-- Material for this task --
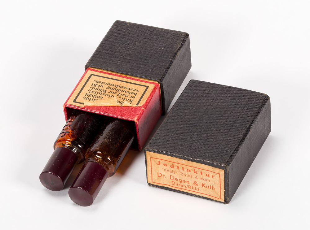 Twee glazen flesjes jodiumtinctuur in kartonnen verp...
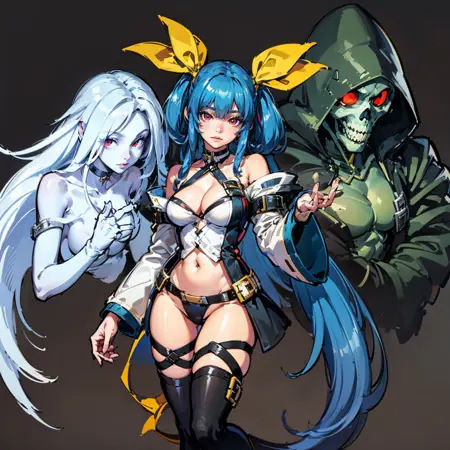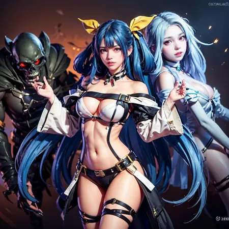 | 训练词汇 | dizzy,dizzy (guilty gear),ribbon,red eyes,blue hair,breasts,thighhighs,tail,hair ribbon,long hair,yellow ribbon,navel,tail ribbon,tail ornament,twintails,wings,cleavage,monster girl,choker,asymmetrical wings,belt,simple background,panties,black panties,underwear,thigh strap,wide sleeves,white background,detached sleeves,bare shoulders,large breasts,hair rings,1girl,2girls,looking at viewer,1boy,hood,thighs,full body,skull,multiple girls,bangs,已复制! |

--

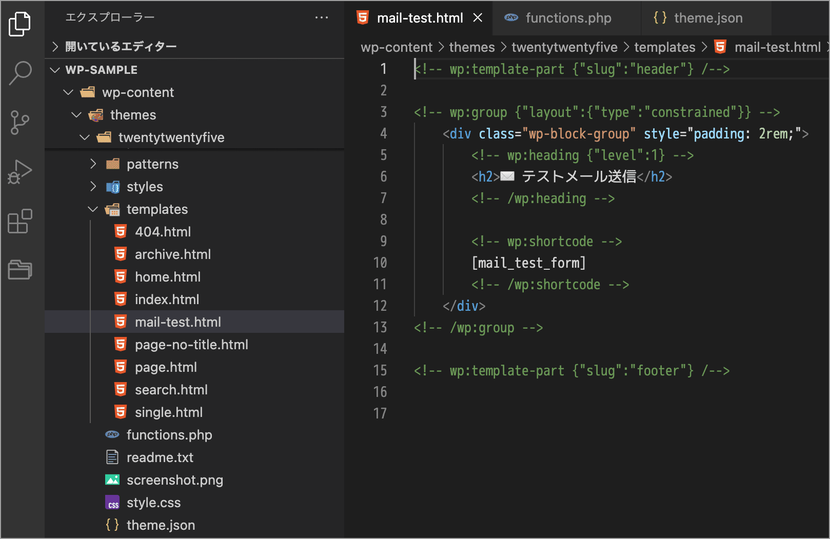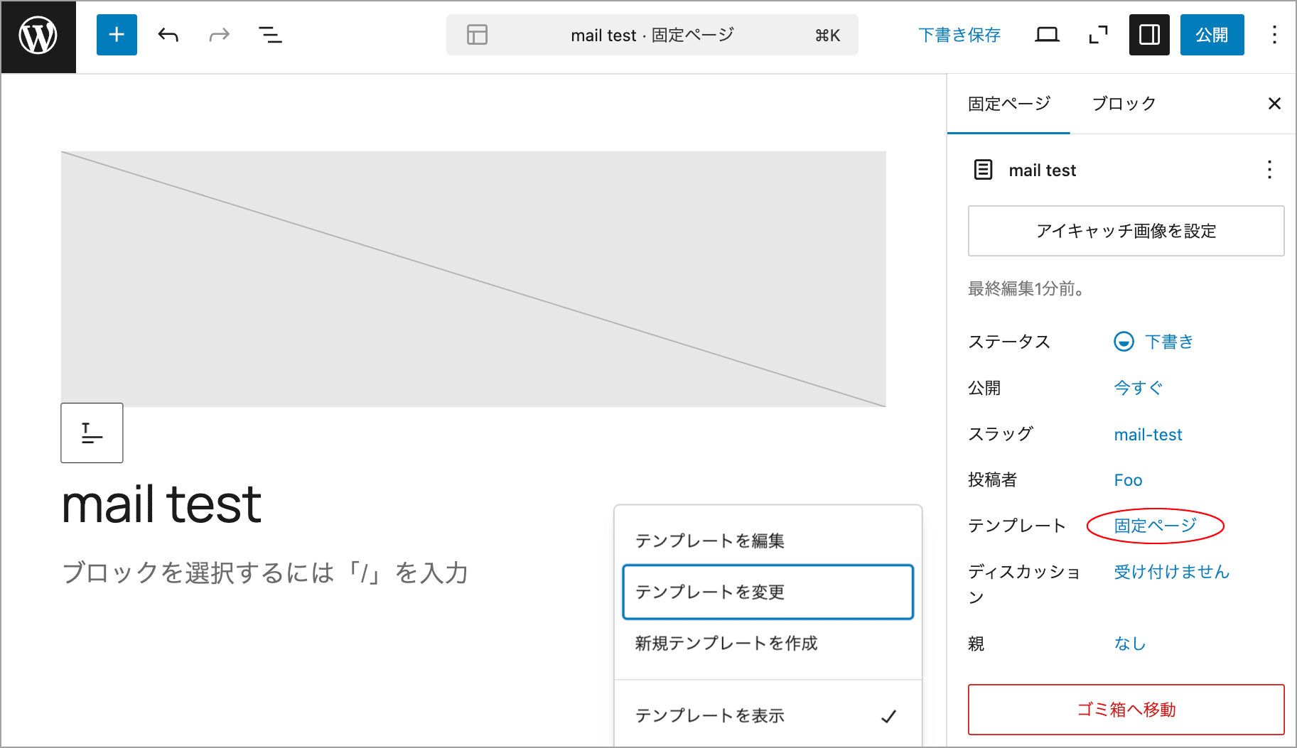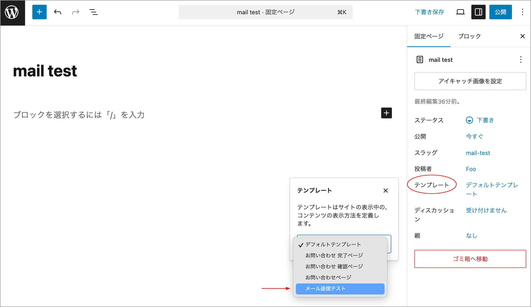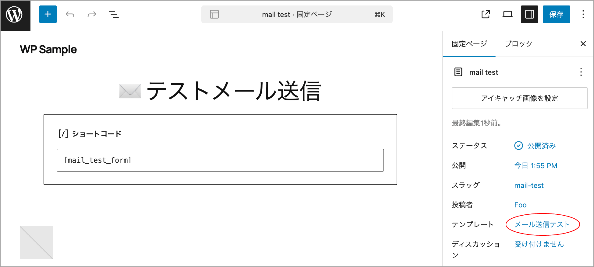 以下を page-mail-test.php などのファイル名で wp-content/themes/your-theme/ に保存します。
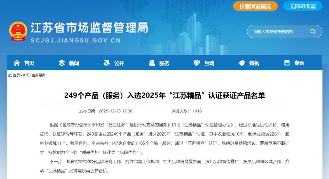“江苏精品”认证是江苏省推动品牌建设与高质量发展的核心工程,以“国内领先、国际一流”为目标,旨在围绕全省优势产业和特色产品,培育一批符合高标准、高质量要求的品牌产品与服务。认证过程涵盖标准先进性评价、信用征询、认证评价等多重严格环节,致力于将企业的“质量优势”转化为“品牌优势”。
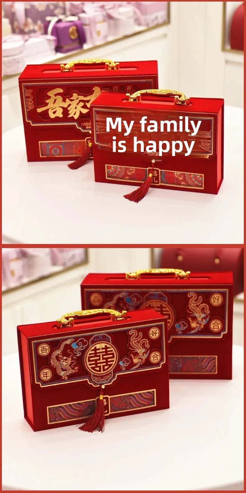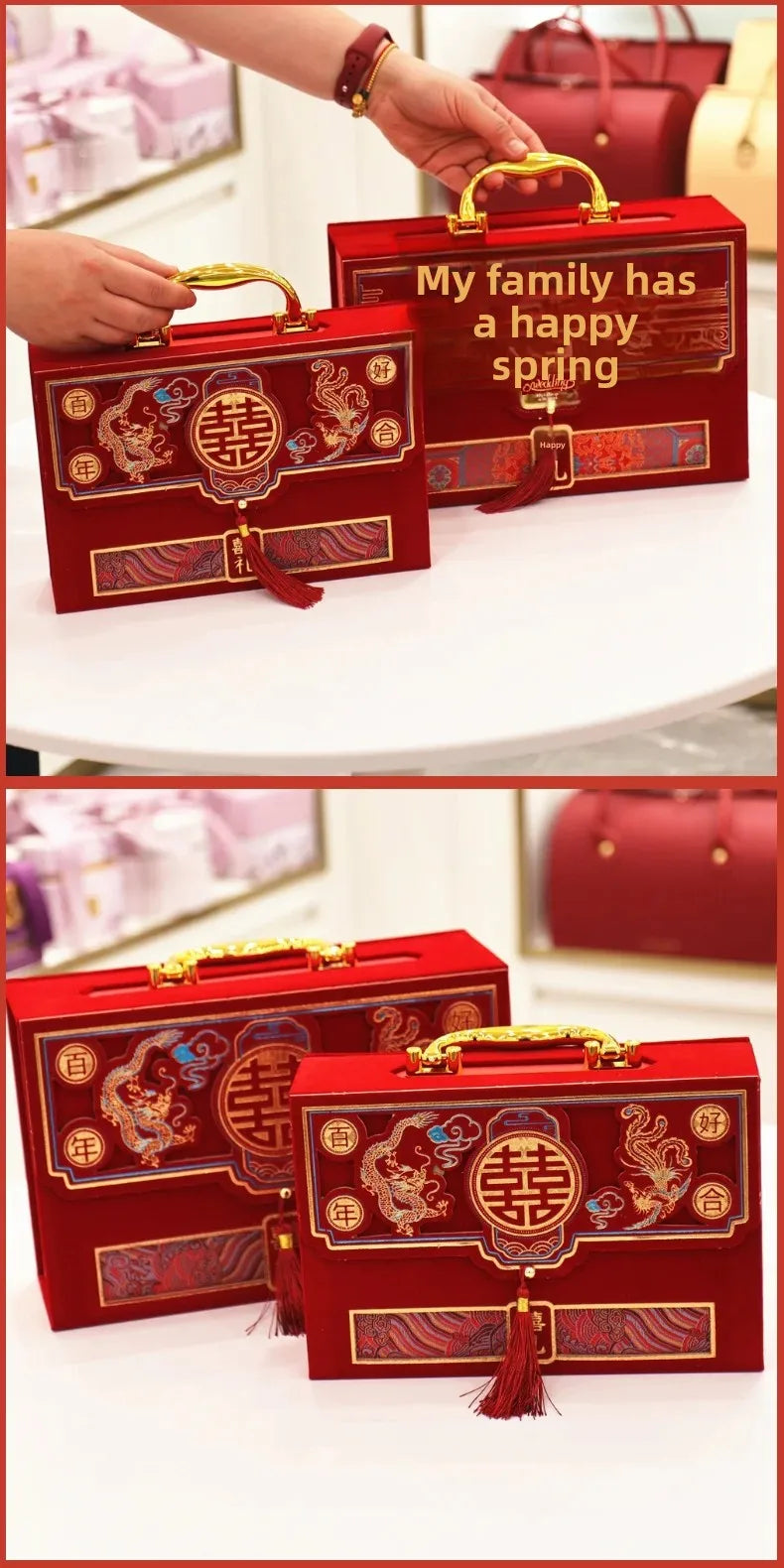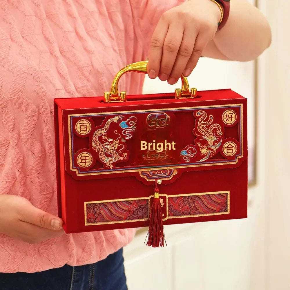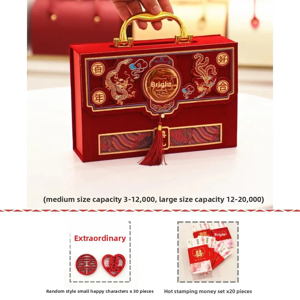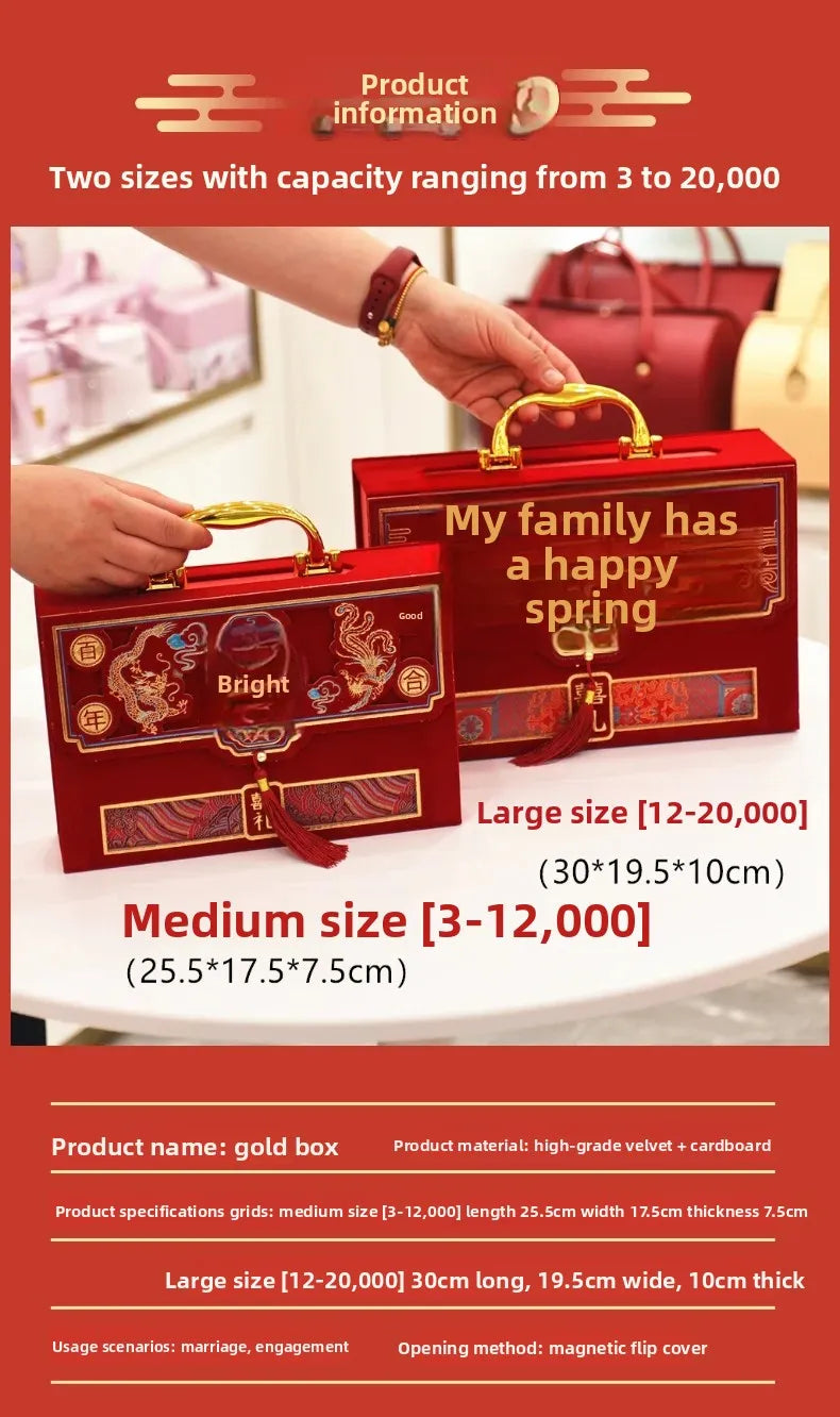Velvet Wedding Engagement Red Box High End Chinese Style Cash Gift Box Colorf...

-- What you need to do --
Copy word for word only the lines above from the one with "以下を page-mail-test.php などのファイル名で" through the one with "Velvet Wedding Engagement". Leave pictures out.

-- Answer to the exercise --
 以下を page-mail-test.php などのファイル名で wp-content/themes/your-theme/ に保存します。
“江苏精品”认证是江苏省推动品牌建设与高质量发展的核心工程,以“国内领先、国际一流”为目标,旨在围绕全省优势产业和特色产品,培育一批符合高标准、高质量要求的品牌产品与服务。认证过程涵盖标准先进性评价、信用征询、认证评价等多重严格环节,致力于将企业的“质量优势”转化为“品牌优势”。
Velvet Wedding Engagement Red Box High End Chinese Style Cash Gift Box Colorf...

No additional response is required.